As you may know, I don’t have a life. This is the reason I have time to read documents like A Stronger, Fairer Australia. Part of the Federal Government’s welcome push to keep Social Inclusion as a topic for discussion (although we’ll see how the budget treats our most disadvantaged citizens and judge by actions.
Here’s some highlights lifted without any permission from the text:
“The drivers of social exclusion are more likely to be found in some neighbourhoods or regions, leading to concentrated locational disadvantage. Recent research by Professor Tony Vinson found that the most disadvantaged three percent of localities across the country had at least twice the average share of unemployment, long-term unemployment, disability support and psychiatric admissions, criminal convictions, imprisonment and child maltreatment”.
Quite right, the poorest people are the most likely to suffer additional disadvantage and people with disability figure highly in every one of these reports and they have done so for more than the 20 odd years I have been involved – so what are we going to do about it?

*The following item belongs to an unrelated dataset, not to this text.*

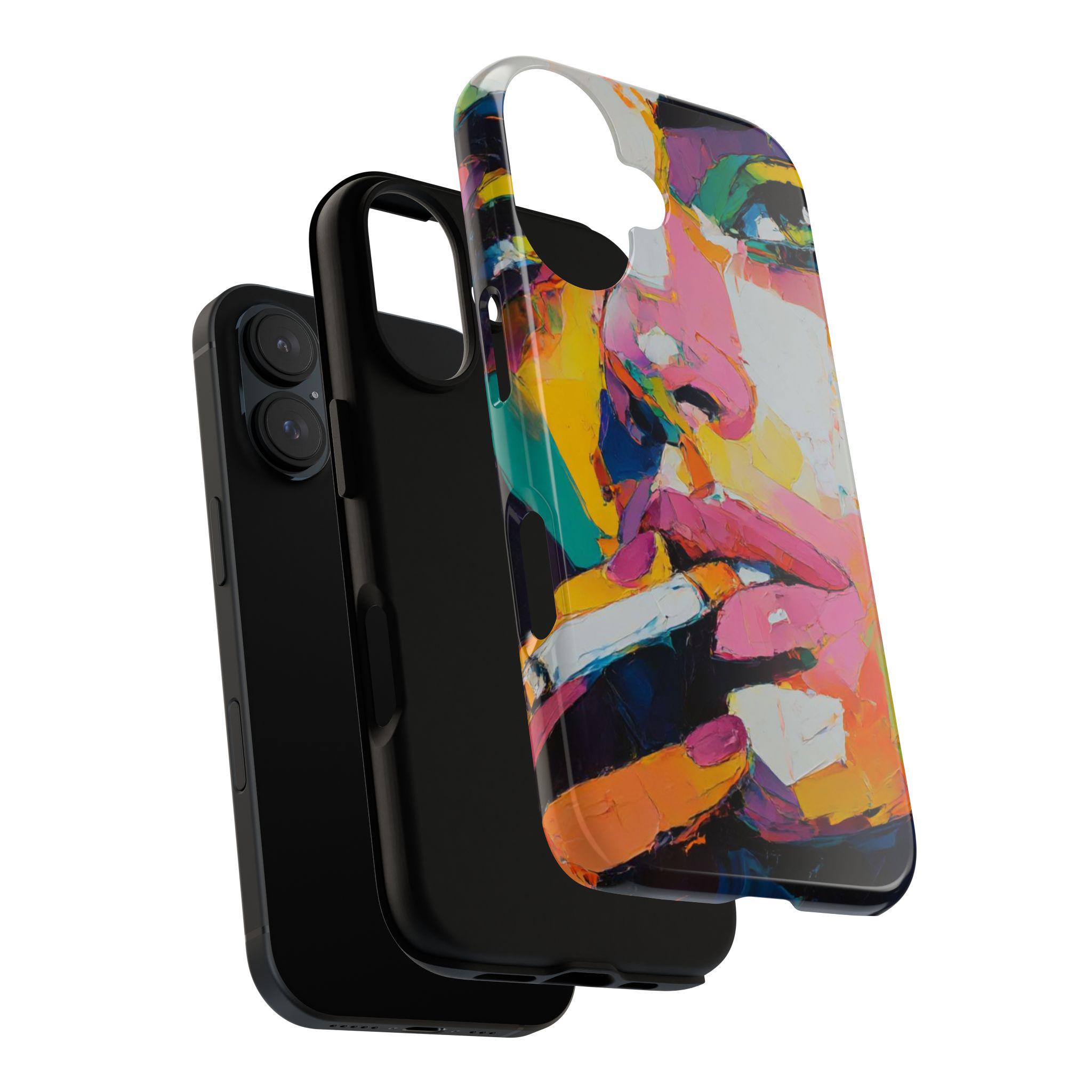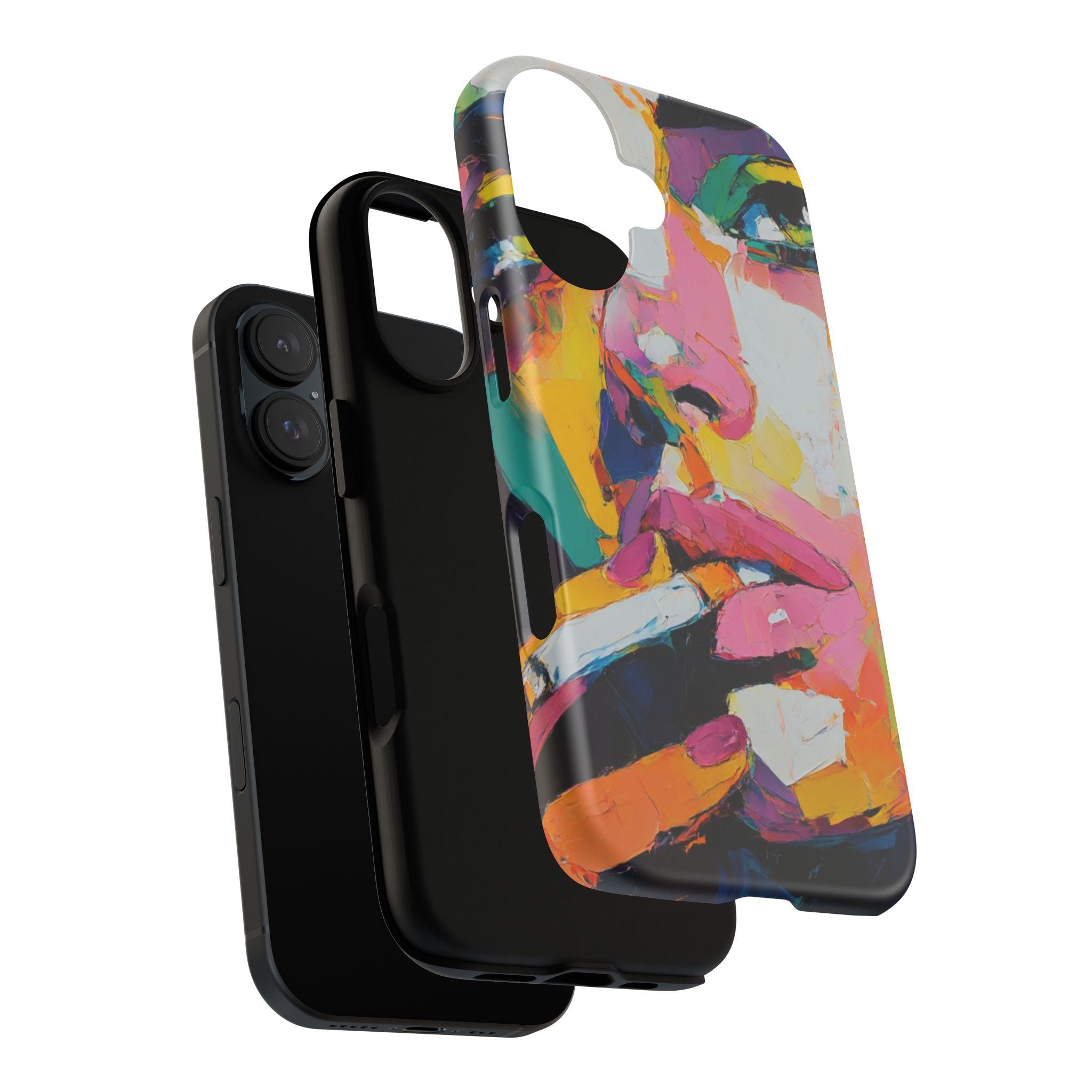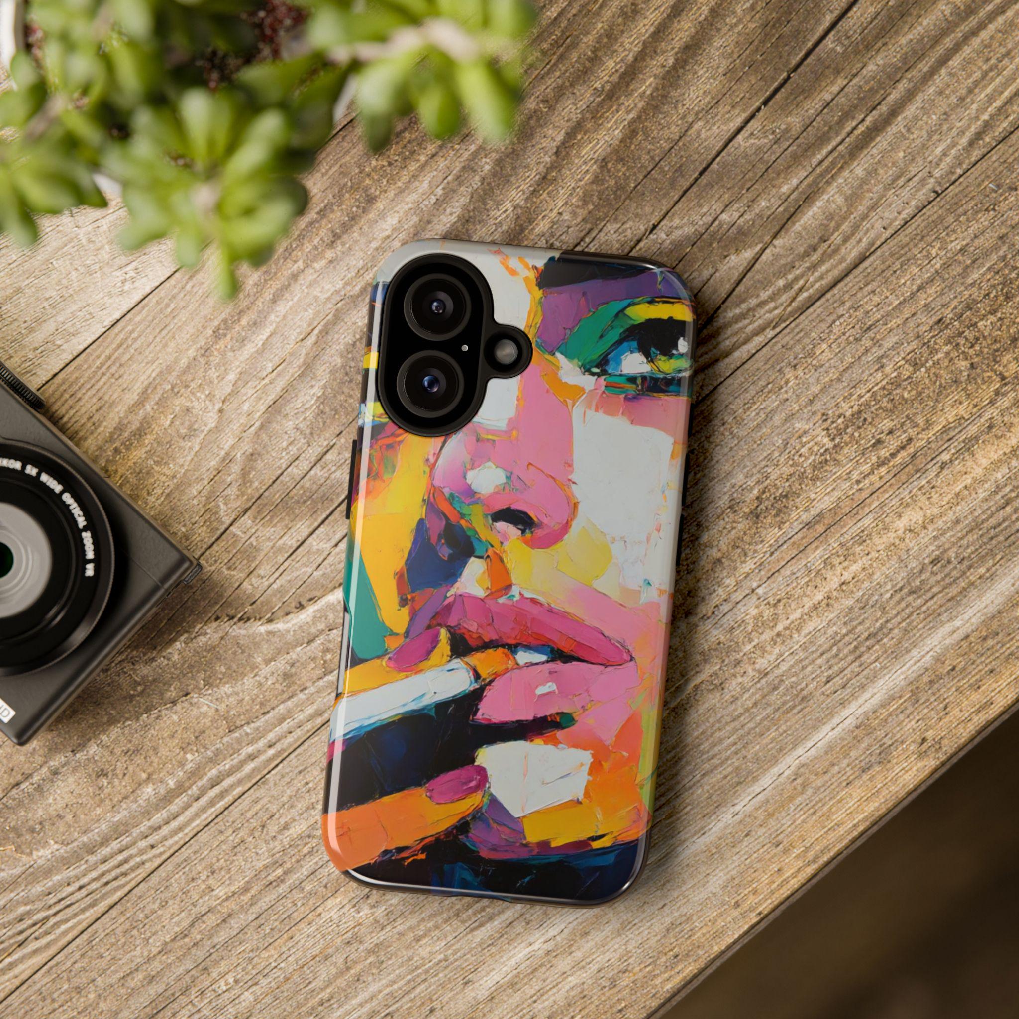 This tough phone case brings bold, expressive art to the everyday. The vibrant, painterly portrait wraps fully around the dual-layer shell, so every edge and corner becomes part of the composition. A glossy or matte finish preserves the saturated hues while a TPU silicone liner cushions against drops and impacts. UV-resistant inks keep colors bright outdoors, and precise cutouts keep charging and ports effortless. Carry a piece of modern street-art energy that stands up to daily wear and travel — a confident, durable cover that reads as lifestyle and protection in one.

Some tragic examples of a real failure to get to grips with the problem in a meaningful way:
“The rate of employment of people with disability and severe mental illness is still well below that of people without disability and mental illness, and, in recent years, their relative employment prospects have declined – from 1993 to 2003, the employment rate of people without disability increased by 13 per cent (from 67.6 per cent to 76.5 per cent), while the employment rate of people with disability (including psychological disability) increased only by 8 per cent (from 45.1 per cent to only 48.7 per cent)” and:
“Employment has significant benefits in terms of economic and social participation. For many people with disability or mental illness, it can improve opportunities for social inclusion. Yet the rate of employment of people with disability and mental illness is still well below that of people without disability and, in recent years, their relative employment prospects have declined:
in 2003, the labour force participation rate of people with disability aged 15 to 64 years was 53 per cent and the unemployment rate was 8.6 per cent, compared to 81 per cent and 5.0 per cent, respectively, for those without disability;91 and from 1993 to 2003, the employment rate of people without disability increased by 13 per cent (from 67.6 per cent to 76.5 per cent), while the employment rate of people with disability increased only by 8 per cent (from 45.1 per cent to only 48.7 per cent).
The number of Disability Support Pension recipients has risen by 31 per cent over the last 10 years to more than 750,000 people. The growth for men has been 13 per cent, consistent with the growth in the working population. The growth for women was much greater, 64 per cent, which can be mostly attributed to the closure of other payments. The average duration on income support for Disability Support Pension recipients is twelve years and fewer than 10 per cent of Disability Support Pension recipients report earnings from work. Of the 100,000 or so disability pensioners who reported earnings over the two years to the end of 2008, only 36,000 were employed for the whole two years.
Although many people with mental illness (psychological disability) do gain employment, they experience even higher rates of unemployment and lower rates of labour force participation than those with physical disability: in 2003, the labour force participation rate of people with mental illness aged 15 to 64 years was 28.2 per cent and the unemployment rate was 19.5 per cent, compared to 48.3 per cent and 7.4 per cent respectively for those with physical disability; 94 and psychological and psychiatric illness is the second largest category of disability for DSP recipients accounting for 28 per cent, which is approximately 214,000 people.
Many people with disability and mental illness want to work, but are not offered the opportunity. They may face barriers such as poorly coordinated support services or inadequate education and training opportunities. They may fear the loss of eligibility for crucial benefits. Some employers can also be unwilling to take on people with disability, reflecting outmoded community attitudes and beliefs about productivity and risk”.
In other words, government can see the problem, the problem is not seemingly responding to present activity and the number of people with disability worse off than their non-disabled peers either remains static or has worsened.
There are some interesting statistics on areas within NSW that require special care:
Priority Employment Regions:
New South Wales: Canterbury-Bankstown and South Western Sydney, Illawarra, Richmond-Tweed and Clarence Valley, Mid-North Coast, Sydney West and Blue Mountains, Central Coast-Hunter;
Remote Priority Areas:
New South Wales: Walgett and Wilcannia;
8 of the 11 areas listed as a priority have one thing in common – A NOVA outlet. I guess you could therefore form the opinion that a lack of progress is down to being saddled with us! However, you also might want to listen when we say that the employment prospects of people who have a disability and who genuinely want to work can be addressed through simple reform – either read back through this blog or contact us directly for more information on how employment opportunities for people with disability can be improved and cost to taxpayers lowered through simple cost effective initiatives to remove the artificial barriers created by the present processes.
Employment & Social inclusion are intimately linked - it makes sense to ensure that thfinding and keeping a job remains a top priority whatever the budget may bring.